ABOUT THIS TASK | Print every entry word for word, but omit the pictures.

DATA TO EXAMINE |
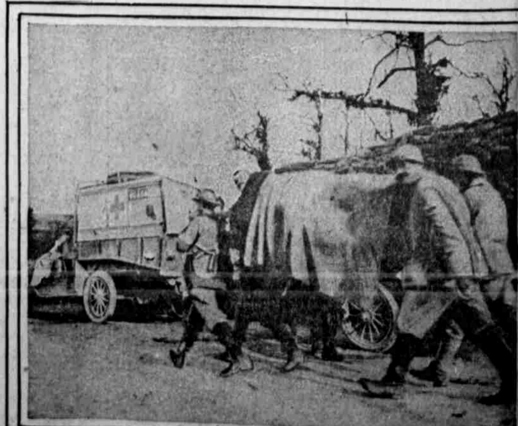
FRENCH WOUNDED BEING BROUGHT TO AMERICAN AMBULANCE
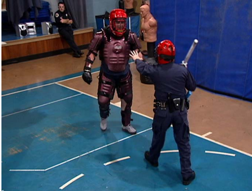
BOX DRILL: Session 52 participating in defensive tactics training.
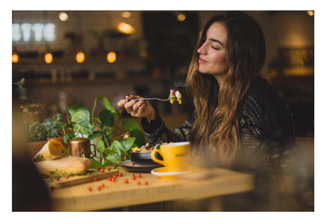
When thinking about the future healthy options become more attractive.

The association between "healthy nutrition" and "feeling good in the future" was particularly clear in four countries: Australia, South Africa, the USA and United Kingdom (approx. 23%). High-protein foods stood out among the Chinese participants. Water was particularly important for Germans, and for Italians, "natural" foods stood out.
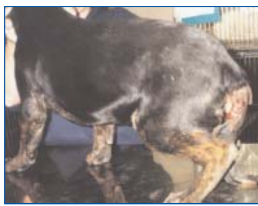
caused by tail-docking in an adult dog
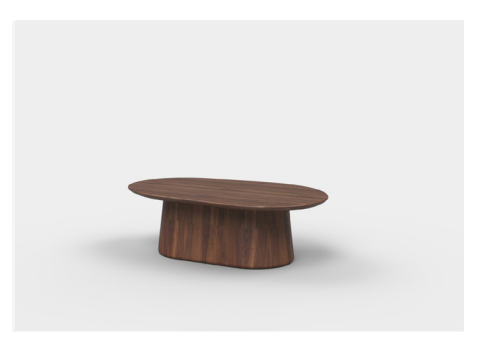
RHY114H - 1147L x 730D x 350H (mm) 45L x 29D x 14H (inches)
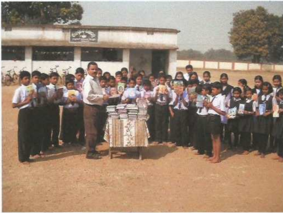
Library Books given to Vivekananda Sikshya Kendra, Ghantapada, Talcher by M/s Global Coal & Mining Pvt. Ltd., Talcher
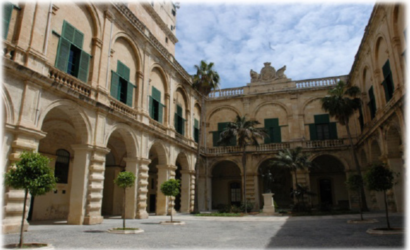
Il-Bitha ta' Nettunu: Fl-1861 l-istatwa ta' Nettunu ngabet hawnhekk mill-pixkerija fin-nofsinhar ta' Malta. Il-funtana l-kbira li hemm wara din l-istatwa fiha l-arma tal-Gran Mastru Perellos.
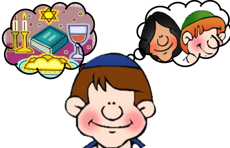
One must fear one's parents and keep the Sabbath

We all know that we should listen to our parents. But what if your parents tell you to do something you know is wrong? Or what if they tell you to do something Hashem told you not to do?

RESPONSE AREA |
FRENCH WOUNDED BEING BROUGHT TO AMERICAN AMBULANCE
BOX DRILL: Session 52 participating in defensive tactics training.
When thinking about the future healthy options become more attractive.

The association between "healthy nutrition" and "feeling good in the future" was particularly clear in four countries: Australia, South Africa, the USA and United Kingdom (approx. 23%). High-protein foods stood out among the Chinese participants. Water was particularly important for Germans, and for Italians, "natural" foods stood out.
caused by tail-docking in an adult dog
RHY114H - 1147L x 730D x 350H (mm) 45L x 29D x 14H (inches)
Library Books given to Vivekananda Sikshya Kendra, Ghantapada, Talcher by M/s Global Coal & Mining Pvt. Ltd., Talcher
Il-Bitha ta' Nettunu: Fl-1861 l-istatwa ta' Nettunu ngabet hawnhekk mill-pixkerija fin-nofsinhar ta' Malta. Il-funtana l-kbira li hemm wara din l-istatwa fiha l-arma tal-Gran Mastru Perellos.
One must fear one's parents and keep the Sabbath

We all know that we should listen to our parents. But what if your parents tell you to do something you know is wrong? Or what if they tell you to do something Hashem told you not to do?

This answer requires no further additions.